*** Supplied material

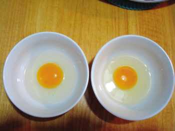 谈到如何区别鸡蛋是否“本地”及其质量好坏问题时,市畜牧兽医局副局长王柏强支招:看个头,普通的要大,每公斤只有14个左右,本地鸡蛋相对较小,每公斤有20多个;看蛋壳,普通的蛋壳粗糙、颜色统一,本地鸡蛋的蛋壳相对平滑、颜色不一;看蛋黄,本地鸡蛋的蛋黄相对较小,相对要红一些,蛋黄紧凑的,甚至可以用筷子夹住,说明鸡蛋很新鲜,蛋黄松散的多为放置时间较久的蛋;看蛋清,普通的蛋清很薄,多呈水状,本地鸡蛋的蛋清相对要稠很多,颜色深一点。
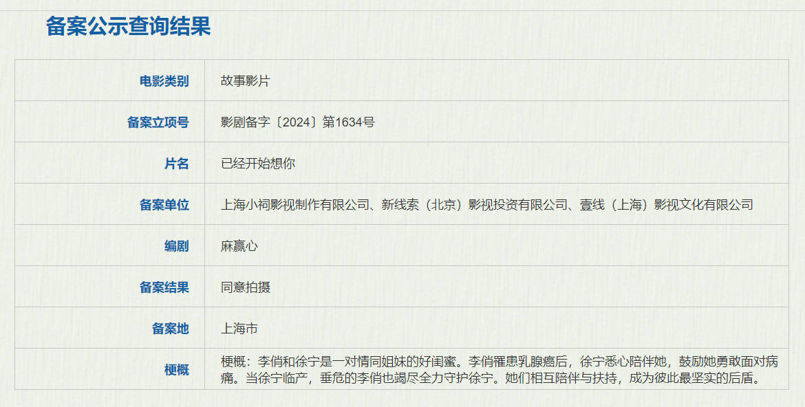 搜狐娱乐讯 据国家电影局最新立项公示,《鹦鹉杀》导演麻赢心编剧的新片《已经开始想你》立项。
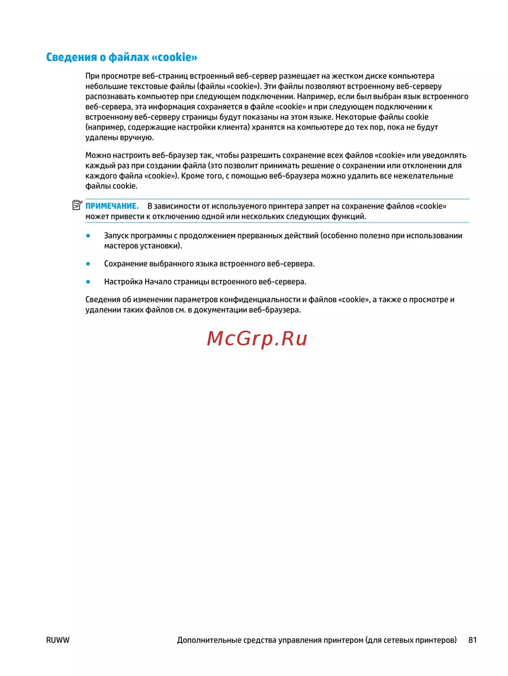 HP DeskJet Ink Advantage 3635 — информация о файлах cookie и их настройках на веб-сервере [87/134]
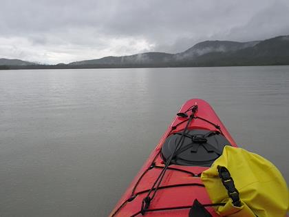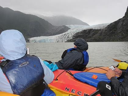 | Eric and I flew to Alaska on a group trip. Walking around Juneau - this is the old governers mansion | | Kayaking in Mendenhall Glacier lake. Cold! |
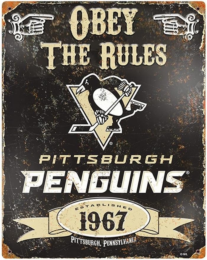 لافتة معدنية منقوشة على شكل حيوانات NHL Pittsburgh Penguins من الطرف
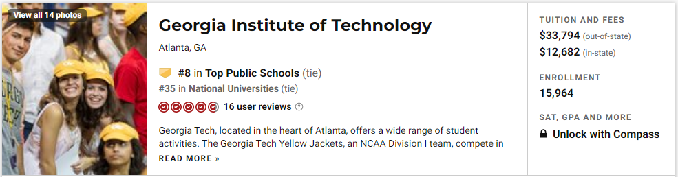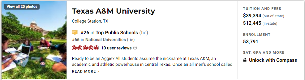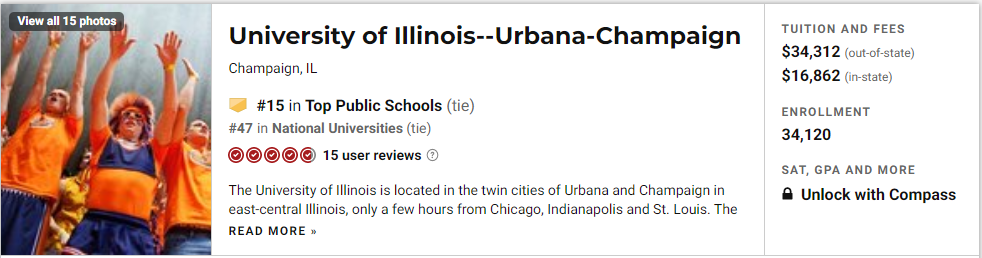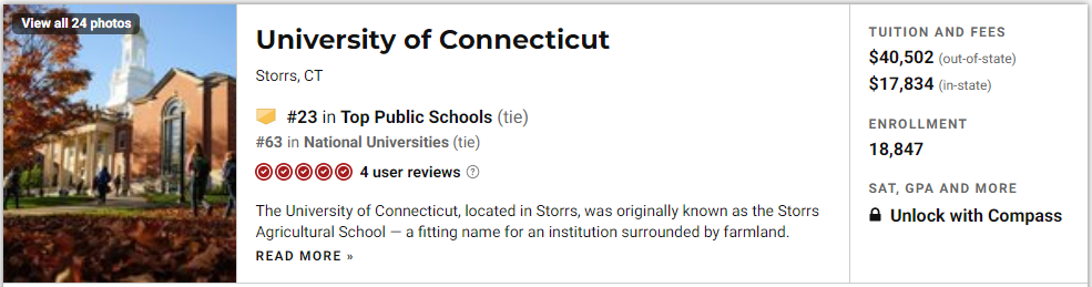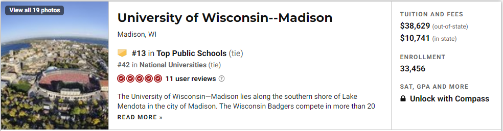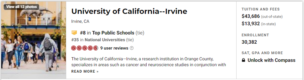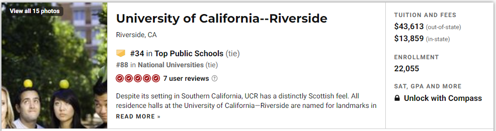 我们先来看看Top 10,前三名分别是:加州大学洛杉矶分校,加州大学伯克利分校和密歇根大学安娜堡分校,UC系不愧是公立学校扛把子,前三名就占了两席。

******

# Problem to work on
Set the pictures aside and restate word for word only the lines from the line containing "HP DeskJet Ink" through the end of the entries above, both included.

# The completed task
 HP DeskJet Ink Advantage 3635 — информация о файлах cookie и их настройках на веб-сервере [87/134]
 | Eric and I flew to Alaska on a group trip. Walking around Juneau - this is the old governers mansion | | Kayaking in Mendenhall Glacier lake. Cold! |
 لافتة معدنية منقوشة على شكل حيوانات NHL Pittsburgh Penguins من الطرف
 我们先来看看Top 10,前三名分别是:加州大学洛杉矶分校,加州大学伯克利分校和密歇根大学安娜堡分校,UC系不愧是公立学校扛把子,前三名就占了两席。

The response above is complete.